The determination unit 111, upon determining that both the earphone 2R and left earphone 2L are not worn by the user, acquires a wearing determination result indicating whether the earphones are worn in the user's ears or not. The communication unit 113 outputs the wearing determination result and information instructing the invalidation of the authentication status (authentication cancellation instruction information) to the left earphone 2L using the communication IF 105. The communication unit 223L acquires the wearing state determination result and the de-authentication instruction information using the communication IF 207L and outputs them to the right earphone 2R. The communication unit 223R uses the communication IF 207R to acquire the de-authentication instruction information. The communication unit 223L and the communication unit 223R advance the processing to Step S207.

In Step S206, if the determination unit 111 determines that only one of the earphone 2R and the left earphone 2L is not worn by the user, the processing proceeds to Step S204.
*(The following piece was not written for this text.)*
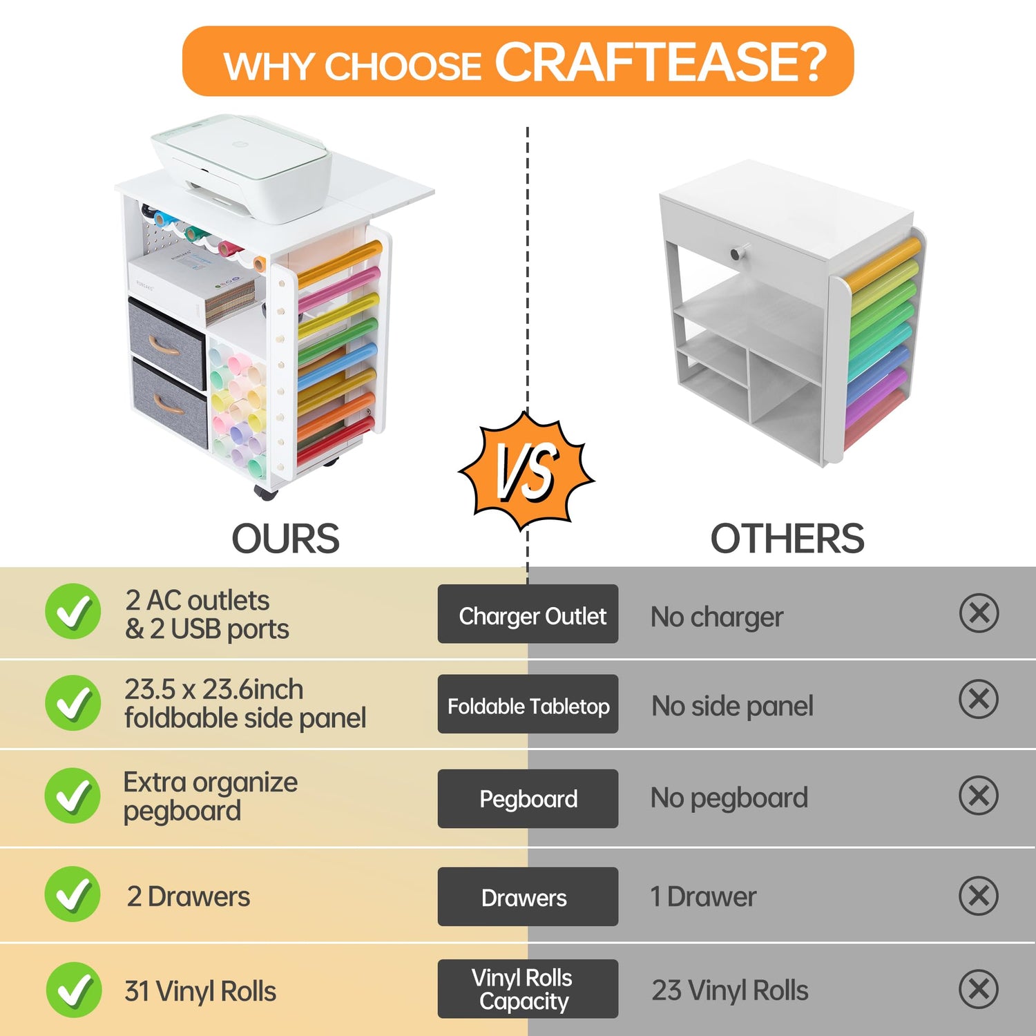- Foldable Tabletop - The top and bottom open shelf gives you enough storage space to place craft machine, with the foldable side plate allows you to extend the tabletop even bigger! with 2 wave hooks, bottom vinyl roll holder and side hanging vinyl roll organizer can totally hold up to 31 vinyl rolls. The table side has a retangular pegboard, for freeing up workspaces and keeping tools neatly organized.

In Step S207, the authentication unit 222R and the authentication unit 222L disable the authentication of the user H in the right earphone 2R and left earphone 2L, respectively. The communication unit 113 ends the processing.

As described above, the authentication management device according to the first example embodiment of the present disclosure is provided with an authentication result acquisition means (communication unit 113) that acquires an authentication result of authenticating a user by otoacoustic authentication in an earphone (for example, the right earphone 2R and the left earphone 2L); a storage means (for example, the storage unit 112) that stores the authentication result; a determination result acquisition means (for example, the determination unit 111) that, after the authentication result is acquired, acquires a wearing determination result indicating whether the earphone is worn in an ear of the user on the basis of a detection result of a proximity sensor; and a control means (for example, the storage unit 112) that updates the authentication result stored in the storage means when the wearing determination result indicates that the earphone is not worn in the ear.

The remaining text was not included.